New and growing well-documented, feature-complete I2C device library

In terms of doing a slave module, I feel that it would be best to do it like I2C EEPROM:

On construction / init: User passes object a pointer to a preallocated buffer and the length of the buffer
On master write: first byte or first word (depending on how you want to do it) parks read pointer at a specified index
Any further bytes sent are added sequentially starting from pointer to the buffer.
For ex: (using word addressing)
START 0x00 0x00 0x01 STOP
would write 0x01 to buf[0]
START 0x00 0x02 0x01 0x02 0x03 STOP
would write 0x01 to buf[0x02], 0x02 to buf[0x03], and so on.

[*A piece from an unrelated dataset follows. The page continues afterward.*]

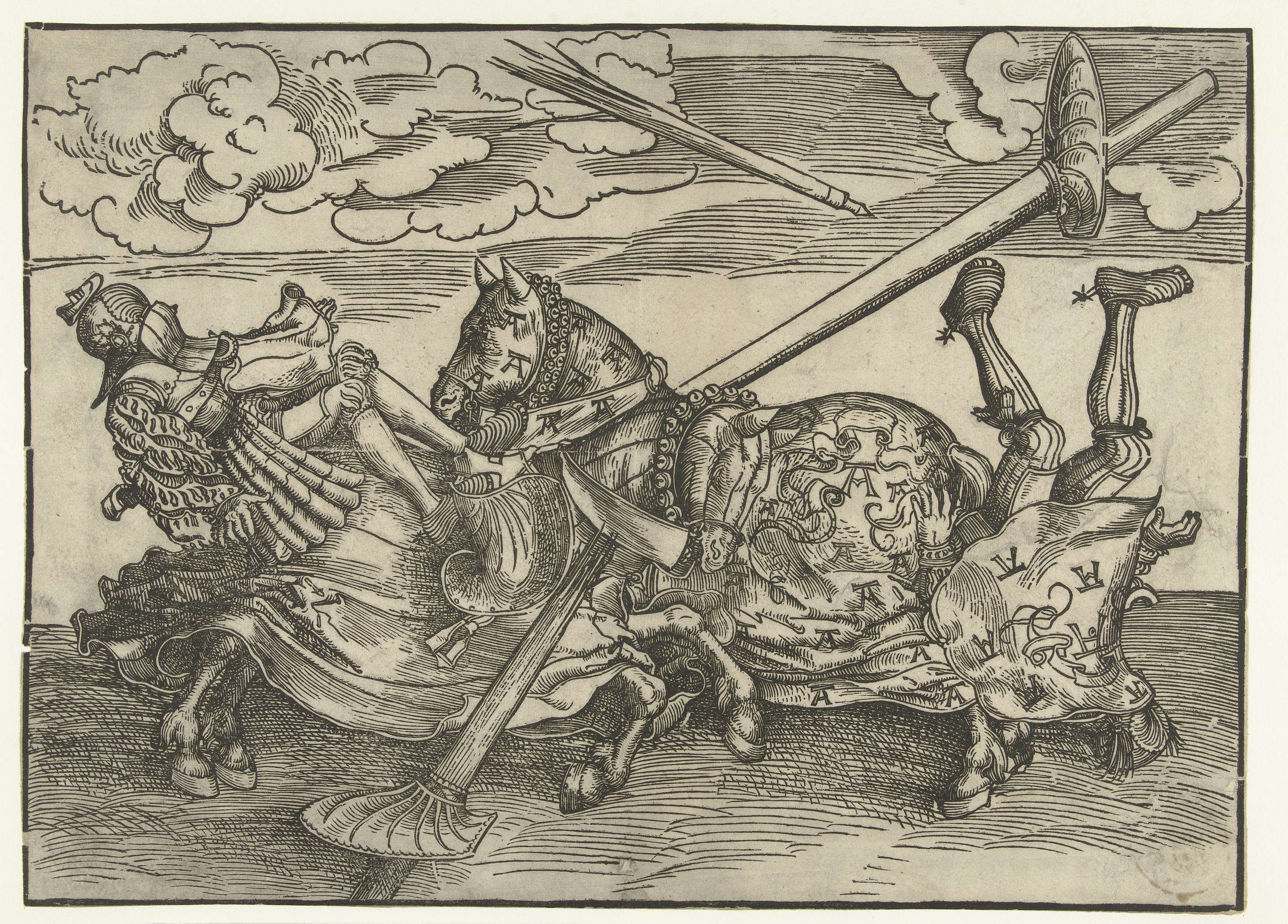 Duits toernooi met twee edelmannen als ridders te paard

On master read: return sequential data starting from where the read pointer was parked in the previous write, incrementing index each time
If overflow (master wants to read past length - 1) continue to return last byte

I think that this mostly removes the need for various protocols: it also has the advantage of the ability to pass a struct into the byte* instead of an array, which makes it very easy to use after initial set up.

Another suggestion is to include a detect method for devices with multiple possible addresses. This method would return true if the start byte is ACKed, and false otherwise - that way it can dynamically get the actual address to use.

for ex:
Device can be at 0x4A or 0x4B

0x4A(W) -> no ACK move to 0x4B
0x4B(W) -> ACK use 0x4B for future communications.